Germany Accuses US of Indirectly Manipulating Dollar
October 25, 2010
Reuters
German Economy Minister Rainer Bruederle on Saturday took issue with what he called a U.S. policy of increasing liquidity, saying it indirectly manipulated exchange rates.
The U.S. Federal Reserve is widely expected to embark on a fresh round of asset purchases to prop up the economy.
“There was criticism of the American policy of monetary easing, or creating more liquidity,” Bruederle said after a meeting in South Korea of finance officials from the Group of 20 economic powers.
“I tried to make clear in my contribution to the discussion that I regard that as the wrong way to go,” he said.
“An excessive, permanent increase in money is, in my view, an indirect manipulation of the (foreign exchange) rate.”
Foreign exchange rates should be determined by markets, said Bruederle, who was attending the G20 meeting in place of Germany’s hospitalised finance minister.
Bruederle said he was positively surprised by the results of the meeting, which he said surpassed expectations.
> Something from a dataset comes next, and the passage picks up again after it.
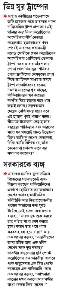 }} জম্মু ও কাশ্মীরের পহেলগামে জঙ্গি হামলার পরে ভারতের পাশে দাঁড়িয়েছিল ট্রাম্প প্রশাসন। এই ঘটনার কড়া নিন্দা করেছিলেন আমেরিকার শীর্ষ নেতারা। পহেলগাম হত্যাকাণ্ডের খবর পেয়েই ভারতের প্রধানমন্ত্রী নরেন্দ্র মোদীকে ফোন করেছিলেন আমেরিকার প্রেসিডেন্ট ডোনাল্ড ট্রাম্প। তবে এ বার তাঁর গলায় শোনা গেল ভিন্ন সুর। শনিবার পোপ ফ্রান্সিসের শেষকৃত্যে যোগ দিতে ভ্যাটিকান যাওয়ার সময়ে ট্রাম্প সাংবাদিকদের বলেন, “আমি ভারতের খুব কাছের, পাকিস্তানেরও খুব কাছের। কাশ্মীর নিয়ে হাজার বছর ধরে লড়াই চলছে। সম্ভবত তার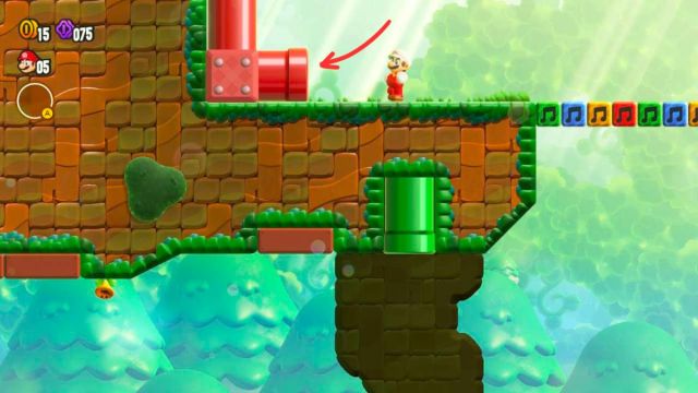 Once the Piranha Plants start singing, continue forward until you see a half-hexagon block with three pipes sticking out of it. Jump up the green pipes to the right of the block, and the Piranha Plants will stop singing. Go across the music note bridge, then turn around and sprint back toward the pipes. Use the first yellow music note block to jump up and land on one of the three pipes sticking out of the half-hexagon block.

There were intensive discussions at the meeting about a letter from the U.S. Treasury Secretary calling for action in tackling foreign exchange and trade imbalances, Bruederle said.
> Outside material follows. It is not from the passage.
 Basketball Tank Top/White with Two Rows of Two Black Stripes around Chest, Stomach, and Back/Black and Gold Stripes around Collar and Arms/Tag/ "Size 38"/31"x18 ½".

Geithner’s focus was on China, but Germany, Japan and Korea were also in focus, Bruederle said, adding that he regarded the U.S. plans as having “planned economy elements.”
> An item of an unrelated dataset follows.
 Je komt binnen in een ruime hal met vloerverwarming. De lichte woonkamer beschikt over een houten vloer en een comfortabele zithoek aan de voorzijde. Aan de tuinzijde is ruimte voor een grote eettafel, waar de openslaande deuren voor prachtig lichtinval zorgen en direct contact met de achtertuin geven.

Bundesbank President Axel Weber, who is also a member of the European Central Bank’s Governing Council, said regulators were in the final stages of bank regulatory reform and it was now up to lawmakers to implement the new rules soon.
Solutions were still needed for dealing with system-relevant banks, Weber said, adding that these should include an orderly insolvency mechanism.
The Financial Stability Board (FSB) should make proposals for dealing with such system-relevant banks by next summer at the latest, Weber added.